Jinchang Hou


2024

pdf bib
E-EVAL: A Comprehensive Chinese K-12 Education Evaluation Benchmark for Large Language Models
Jinchang Hou | Chang Ao | Haihong Wu | Xiangtao Kong | Zhigang Zheng | Daijia Tang | Chengming Li | Xiping Hu | Ruifeng Xu | Shiwen Ni | Min Yang
Findings of the Association for Computational Linguistics: ACL 2024

The rapid development of Large Language Models (LLMs) has led to their increasing utilization in Chinese K-12 education. Despite the growing integration of LLMs and education, the absence of a dedicated benchmark for evaluating LLMs within this domain presents a pressing concern. Consequently, there is an urgent need for a comprehensive natural language processing benchmark to precisely assess the capabilities of various LLMs in Chinese K-12 education. In response, we introduce E-EVAL, the first comprehensive evaluation benchmark specifically tailored for Chinese K-12 education. E-EVAL comprises 4,351 multiple-choice questions spanning primary, middle, and high school levels, covering a diverse array of subjects. Through meticulous evaluation, we find that Chinese-dominant models often outperform English-dominant ones, with many exceeding GPT 4.0. However, most struggle with complex subjects like mathematics. Additionally, our analysis indicates that most Chinese-dominant LLMs do not achieve higher scores at the primary school level compared to the middle school level, highlighting the nuanced relationship between proficiency in higher-order and lower-order knowledge domains. Furthermore, experimental results highlight the effectiveness of the Chain of Thought (CoT) technique in scientific subjects and Few-shot prompting in liberal arts. Through E-EVAL, we aim to conduct a rigorous analysis delineating the strengths and limitations of LLMs in educational applications, thereby contributing significantly to the advancement of Chinese K-12 education and LLMs.

pdf bib
CLHA: A Simple Yet Effective Contrastive Learning Framework for Human Alignment
Feiteng Fang | Liang Zhu | Xi Feng | Jinchang Hou | Qixuan Zhao | Chengming Li | Xiping Hu | Ruifeng Xu | Min Yang
Proceedings of the 2024 Joint International Conference on Computational Linguistics, Language Resources and Evaluation (LREC-COLING 2024)

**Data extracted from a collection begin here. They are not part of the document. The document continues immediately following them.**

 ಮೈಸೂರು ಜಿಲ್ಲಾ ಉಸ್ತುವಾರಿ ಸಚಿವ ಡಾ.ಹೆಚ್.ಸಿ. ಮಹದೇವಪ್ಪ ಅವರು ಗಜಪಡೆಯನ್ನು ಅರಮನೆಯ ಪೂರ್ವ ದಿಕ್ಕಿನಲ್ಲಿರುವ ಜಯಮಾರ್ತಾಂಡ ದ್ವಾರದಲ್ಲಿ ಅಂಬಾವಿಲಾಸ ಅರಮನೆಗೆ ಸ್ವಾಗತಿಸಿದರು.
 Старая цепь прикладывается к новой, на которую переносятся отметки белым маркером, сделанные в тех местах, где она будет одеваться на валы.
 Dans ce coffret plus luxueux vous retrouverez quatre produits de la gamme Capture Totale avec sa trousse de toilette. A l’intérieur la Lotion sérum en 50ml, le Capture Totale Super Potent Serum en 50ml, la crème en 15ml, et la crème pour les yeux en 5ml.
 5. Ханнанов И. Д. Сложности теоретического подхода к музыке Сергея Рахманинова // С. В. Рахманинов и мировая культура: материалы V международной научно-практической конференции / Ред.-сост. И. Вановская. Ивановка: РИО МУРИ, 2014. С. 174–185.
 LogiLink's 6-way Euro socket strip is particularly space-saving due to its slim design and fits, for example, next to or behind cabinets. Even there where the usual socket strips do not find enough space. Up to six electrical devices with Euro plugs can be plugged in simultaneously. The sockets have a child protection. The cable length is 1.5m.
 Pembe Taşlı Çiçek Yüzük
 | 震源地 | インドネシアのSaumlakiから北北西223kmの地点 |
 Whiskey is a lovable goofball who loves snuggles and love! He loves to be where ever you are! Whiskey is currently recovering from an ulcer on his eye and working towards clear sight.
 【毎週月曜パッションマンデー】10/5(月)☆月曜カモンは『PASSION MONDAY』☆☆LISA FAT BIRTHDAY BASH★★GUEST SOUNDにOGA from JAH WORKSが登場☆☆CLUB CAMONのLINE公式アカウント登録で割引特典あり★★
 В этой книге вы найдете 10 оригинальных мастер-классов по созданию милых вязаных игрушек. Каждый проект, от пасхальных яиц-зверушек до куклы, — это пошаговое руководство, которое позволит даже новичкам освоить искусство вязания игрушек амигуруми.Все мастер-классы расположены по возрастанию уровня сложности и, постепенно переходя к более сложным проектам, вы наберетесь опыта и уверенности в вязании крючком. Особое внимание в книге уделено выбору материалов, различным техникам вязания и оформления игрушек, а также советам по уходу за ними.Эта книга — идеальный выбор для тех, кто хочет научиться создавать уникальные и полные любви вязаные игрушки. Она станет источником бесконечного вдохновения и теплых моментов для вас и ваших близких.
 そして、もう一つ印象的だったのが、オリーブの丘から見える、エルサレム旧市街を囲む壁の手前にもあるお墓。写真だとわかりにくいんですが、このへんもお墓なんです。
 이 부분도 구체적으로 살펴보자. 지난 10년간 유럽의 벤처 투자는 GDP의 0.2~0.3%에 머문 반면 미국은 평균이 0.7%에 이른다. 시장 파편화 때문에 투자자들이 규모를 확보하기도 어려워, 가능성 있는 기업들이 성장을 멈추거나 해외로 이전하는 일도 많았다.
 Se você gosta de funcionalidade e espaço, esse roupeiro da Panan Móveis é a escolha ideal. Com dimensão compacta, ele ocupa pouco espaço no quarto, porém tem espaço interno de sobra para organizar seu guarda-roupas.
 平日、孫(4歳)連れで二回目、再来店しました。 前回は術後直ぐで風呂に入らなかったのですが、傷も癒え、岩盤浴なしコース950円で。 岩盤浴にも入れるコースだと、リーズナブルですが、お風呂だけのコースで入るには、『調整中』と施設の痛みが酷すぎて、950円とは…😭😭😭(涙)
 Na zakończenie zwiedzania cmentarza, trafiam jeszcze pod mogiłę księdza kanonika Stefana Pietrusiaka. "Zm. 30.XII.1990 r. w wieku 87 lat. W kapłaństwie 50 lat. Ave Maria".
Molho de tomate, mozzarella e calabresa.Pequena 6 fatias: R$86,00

Reinforcement learning from human feedback (RLHF) is a crucial technique in aligning large language models (LLMs) with human preferences, ensuring these LLMs behave in beneficial and comprehensible ways to users. However, a longstanding challenge in human alignment techniques based on reinforcement learning lies in their inherent complexity and difficulty in training. To address this challenge, we present a simple yet effective Contrastive Learning Framework for Human Alignment (CLHA) to align LLMs with human preferences directly. CLHA employs a novel rescoring strategy to evaluate the noise within the data by considering its inherent quality and dynamically adjusting the training process. Simultaneously, CLHA utilizes pairwise contrastive loss and adaptive supervised fine-tuning loss to adaptively modify the likelihood of generating responses, ensuring enhanced alignment with human preferences. Using advanced methods, CLHA surpasses other algorithms, showcasing superior performance in terms of reward model scores, automatic evaluations, and human assessments on the widely used “Helpful and Harmless” dataset.